A Perfumed Scorpion
- Author: Idries Shah
- Language: English
- Genre: Eastern philosophy and culture
- Publication date: 1978
- Publication place: United Kingdom
- Media type: Print (Hardback & Paperback)
- ISBN: 0-86304-080-2
- OCLC: 45444277

= A Perfumed Scorpion =

1978 non-fiction book by Idries Shah

A Perfumed Scorpion is a non-fiction book by the Sufist writer, Idries Shah, that was first published by Octagon Press in 1978, the same year that he published two other major works: Learning How to Learn: Psychology and Spirituality in the Sufi Way and The Hundred Tales of Wisdom. It has since been republished by The Idries Shah Foundation.

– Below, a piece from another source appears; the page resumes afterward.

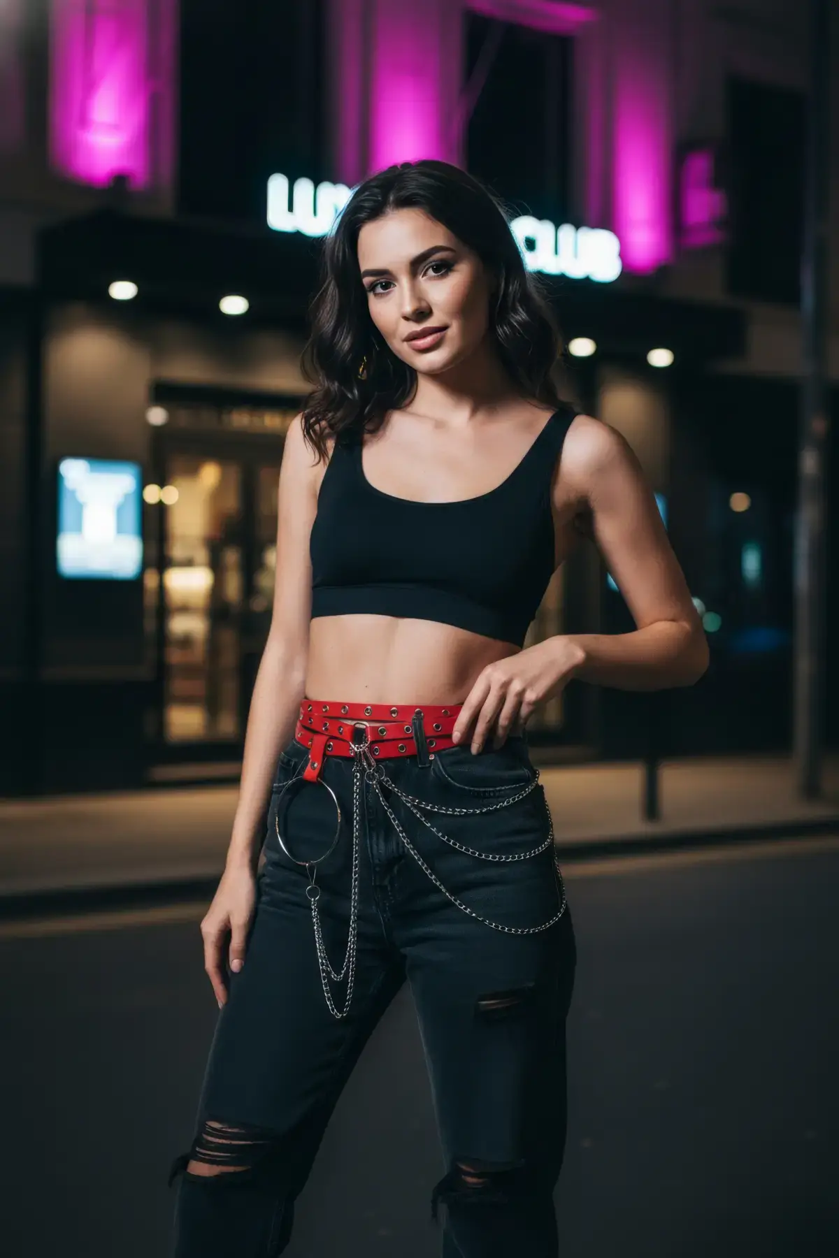 Kırmızı Kadın Kemer Zincir Detaylı Metal Delikli - APFT731

Shortly before he died, Shah stated that his books form a complete course that could fulfill the function he had fulfilled while alive. As such, A Perfumed Scorpion can be read as part of a whole course of study.

== Summary ==
The book contains the substance of lectures given by the author at various universities in the United States under the aegis of the Institute for the Study of Human Knowledge and the Graduate Institute of International Studies, Fairleigh Dickinson University. The "perfuming of a scorpion" is a reference to a symbol used by Bahaudin Naqshband of Bukhara when he taught about the ubiquitous problem of hypocrisy and self-deception in both individuals and institutions: "Whoever might perfume a scorpion will not thereby escape its sting".

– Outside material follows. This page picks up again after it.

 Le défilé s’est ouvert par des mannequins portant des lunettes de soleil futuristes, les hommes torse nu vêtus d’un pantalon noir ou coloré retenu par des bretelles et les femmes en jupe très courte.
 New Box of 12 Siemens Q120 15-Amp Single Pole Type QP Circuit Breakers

The seven sections of the book deal in depth with this issue under headings such as Education, The Nature of Sufi Knowledge, The Path and the Duties and the Techniques, Teaching Stories, A framework for New Knowledge and Involvement in Sufi Study. Each section contains numerous illustrative anecdotes from contemporary life but is nevertheless rooted in the teaching patterns of Rumi, Hafiz, Jami, and other great Oriental sages who dealt with the need for, and the path to, knowledge and information before real progress can be made.

== Reception ==
A Perfumed Scorpion was described by one reviewer as "... an invigorating and abrasive book, like jumping into icy water - hard to do, but you're glad you have done it." This reviewer also appreciated the way it dissolves in the attentive reader “the maiming effect of unconscious bias.” The influence of the book continues and it has remained in print ever since it was published.

Philosopher of science and physicist Henri Bortoft used teaching tales from Shah's corpus as analogies of the habits of mind which prevented people from grasping the scientific method of Johann Wolfgang von Goethe. Bortoft's The Wholeness of Nature: Goethe's Way of Science includes stories from Tales of the Dervishes, The Exploits of the Incomparable Mulla Nasrudin and A Perfumed Scorpion.